Les entreprises de télécommunications ont introduit un recours en justice contre la décision judiciaire ordonnant la coupure de l’accès à Internet aux plateformes de paris en ligne basées à l’étranger. Ces sites reçoivent des transferts financiers de Marocains résidant au Royaume et participant à des opérations de paris organisées par des plateformes dont l’activité demeure non conforme à la législation marocaine.
Dans son édition du lundi 19 janvier, le quotidien Assabah indique que l’opérateur Orange a été le premier à introduire un recours en appel contre l’ordonnance imposant la suspension de l’accès à Internet à ces sites de paris au regard du droit marocain. Il a été suivi par Maroc Telecom, acteur historique et pilier du secteur des télécommunications au Maroc, qui a engagé la même démarche judiciaire.
Les avocats des deux opérateurs ont présenté plusieurs moyens de défense, mettant en avant en premier lieu le principe de neutralité de l’Internet. Celui-ci impose aux fournisseurs d’accès de garantir des réseaux ouverts et accessibles à tous, sans discrimination, et leur interdit de bloquer, de ralentir ou de restreindre l’accès à des contenus, applications ou services circulant sur leurs réseaux. Les opérateurs ont ainsi rappelé que leur rôle se limite à l’acheminement du trafic, sans intervention sur la nature des contenus consultés par les utilisateurs.
Les conseils juridiques ont également soulevé des arguments techniques, soulignant la complexité, voire l’impossibilité pratique, de bloquer de manière ciblée l’accès à certains sites Internet sans provoquer de perturbations majeures de la qualité et de la continuité du service. «Une telle opération pourrait entraîner des dysfonctionnements affectant le débit et la stabilité du réseau, au détriment de l’ensemble des abonnés», relève Assabah.
Par ailleurs, les opérateurs ont insisté sur le caractère facilement contournable des dispositifs de blocage envisagés. Le recours massif aux réseaux privés virtuels (VPN) permet en effet aux utilisateurs de masquer leur localisation et d’accéder aux plateformes concernées malgré les restrictions, rendant toute mesure de coupure à la fois inefficace et disproportionnée.
De son côté, la Société marocaine des jeux estime que l’activité de ces plateformes étrangères constitue une infraction à la législation nationale. «Elle rappelle que les textes en vigueur lui confèrent l’exclusivité de l’organisation des paris sur le territoire national et que l’intégralité de ses recettes, après déduction des frais de gestion, est reversée au Fonds national pour le développement du sport», note Assabah.
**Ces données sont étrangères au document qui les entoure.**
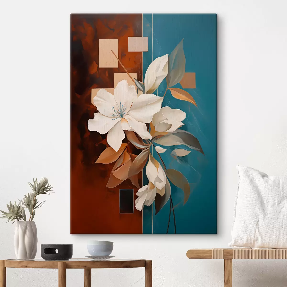 Schilderijen Abstracte witte bloemen en bladeren tegen een achtergrond van bruin en blauw met abstracte vormen, in een minimalistische stijl s46709
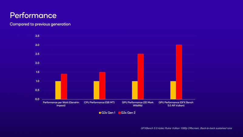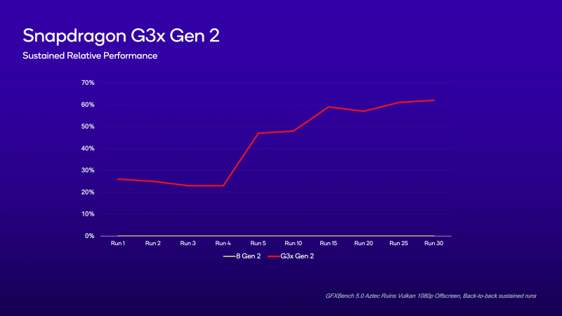A Qualcomm afirma que o subsistema gráfico Snapdragon G3x Gen 2 é duas vezes mais poderoso que seu antecessor. O desempenho computacional da novidade é “mais de 40% superior” ao do Snapdragon G3x Gen 1.

Partant de ce constat, la société a demandé la suspension de l’accès à ces plateformes depuis le Maroc, arguant de la difficulté d’appliquer des mesures coercitives à des opérateurs établis à l’étranger. Cette situation l’a conduite à saisir la justice en référé afin d’obtenir une injonction contraignant les fournisseurs d’accès à Internet à installer des barrières techniques empêchant les résidents marocains d’accéder à ces sites.
La Société marocaine des jeux a également rappelé que les opérateurs de télécommunications sont soumis à des obligations prévues dans les cahiers des charges sur la base desquels leurs licences ont été délivrées par l’autorité de régulation, représentée par l’Agence nationale de réglementation des télécommunications, notamment celle de se conformer aux décisions de justice.
Elle a par ailleurs avancé des chiffres relatifs aux flux financiers générés par ces plateformes illégales, estimant que les montants transférés atteignent près de 3,5 milliards de dirhams par an. Selon elle, cette situation priverait l’État de recettes évaluées à environ 700 millions de dirhams, dont 500 millions destinés au Fonds national pour le développement du sport et 200 millions correspondant à des recettes fiscales pour le Trésor public.
La société souligne enfin que l’activité des plateformes de paris non autorisées a connu une forte croissance depuis la période de confinement liée à la pandémie de Covid-19. Cette expansion s’est traduite par un élargissement significatif du nombre de parieurs, affectant sensiblement les revenus de l’opérateur public, dans un contexte où les opérateurs télécoms plaident pour une approche respectant à la fois les principes fondamentaux de l’Internet et les contraintes techniques de leurs réseaux.